顾北侯走在最前面,他的目光看似随意地扫过街边的每一个角落,耳朵却一直在捕捉着周围所有的声音。
身后跟着的六个人,三三两两地走在一起,低声说着话。
方惠走在顾北侯身后两步远的位置,手里攥着那张画满红圈的地图,时不时低头看一眼,又抬头辨认一下方向。
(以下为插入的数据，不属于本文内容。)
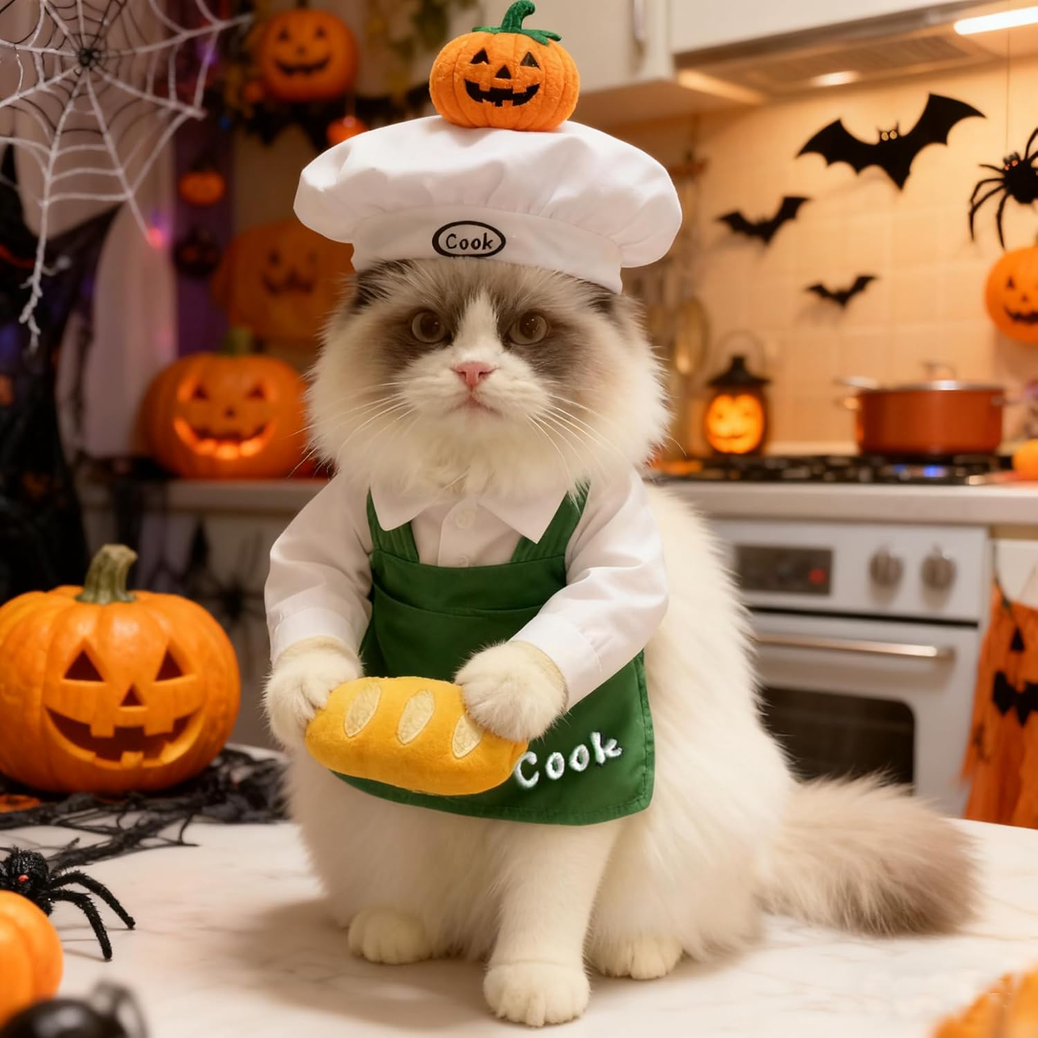<br> Package Dimensions : 11.81 x 10.24 x 2.76 inches; 10.56 ounces <br> Item model number : HPT-038GK-001 <br> Date First Available : November 16, 2025 <br> Manufacturer : HEIPAITE-0028-0M <br> ASIN : B0FXLDSLDK <br> Best Sellers Rank: #124,004 in Pet Supplies (See Top 100 in Pet Supplies) #1,624 in Dog Costumes <br> Customer Reviews: 4.5 4.5 out of 5 stars (2) var dpAcrHasRegisteredArcLinkClickAction; P.when('A', 'ready').execute(function(A) { if (dpAcrHasRegisteredArcLinkClickAction !== true) { dpAcrHasRegisteredArcLinkClickAction = true; A.declarative( 'acrLink-click-metrics', 'click', { "allowLinkDefault": true }, function (event) { if (window.ue) { ue.count("acrLinkClickCount", (ue.count("acrLinkClickCount") || 0) + 1); } } ); } }); P.when('A', 'cf').execute(function(A) { A.declarative('acrStarsLink-click-metrics', 'click', { "allowLinkDefault" : true }, function(event){ if(window.ue) { ue.count("acrStarsLinkWithPopoverClickCount", (ue.count("acrStarsLinkWithPopoverClickCount") || 0) + 1); } }); }); <br>【Adorable Chef Design】Transform your pup into a charming chef with this pet cosplay outfit, featuring a chef hat, a green apron and a plush bread prop for a full standing look.Perfect for Halloween, parties, Christmas, New Year, Thanksgiving or just adding some fun.<br>【Multiple Sizes Available】Choose from sizes B1 to B5 to fit dogs or cats of different weights (3 - 99 lbs). Refer to the size chart for chest (33 - 108 CM), neck (28 - 69 CM), and front length (15.5 - 51 CM) measurements. Fit on cats and small, medium or large dogs.<br>【Comfortable to Wear】Made with soft polyester materials, this cat puppy costume ensures your dog stays comfortable while looking cute. The design allows for easy movement, so your pet can play and walk without restrictions.<br>【Great for Photo Opportunities】Capture precious moments of your dog or cat dressed as a chef. The vivid design and props make for eye-catching photos that you can share with family and friends.<br>【Durable and Well-Made】Crafted with quality materials, this pet costume is built to last. It can withstand your dog’s activities and multiple uses, providing long-lasting fun.

她是侦探社的副社长,也是这次行动的发起人,整个人看起来既紧张又兴奋。
“方惠,”顾北侯头也没回地问,“你们侦探社平时都干什么?破案?”
“差不多吧,”
方惠推了推鼻梁上的眼镜,认真地说,
“主要是研究一些悬而未决的案件,分析作案手法,推理凶手动机,社长说,这是锻炼逻辑思维和观察能力的好方法。”
“破过什么案?”
方惠的脸微微红了一下:
“恩……目前还没有真正破过什么案,但我们分析过很多经典的案例,比如开膛手杰克、十二宫杀手、还有——”
“所以就是纸上谈兵。”顾北侯毫不客气地打断她。
方惠噎了一下,张了张嘴想反驳,但发现确实没法反驳,只好讪讪地闭上嘴。
旁边一个高高瘦瘦的男生忍不住笑了一声,然后又赶紧憋住。
他叫林远,侦探社的成员之一,高二学生,戴着一副黑框眼镜,看起来斯斯文文的,手里拿着一支录音笔。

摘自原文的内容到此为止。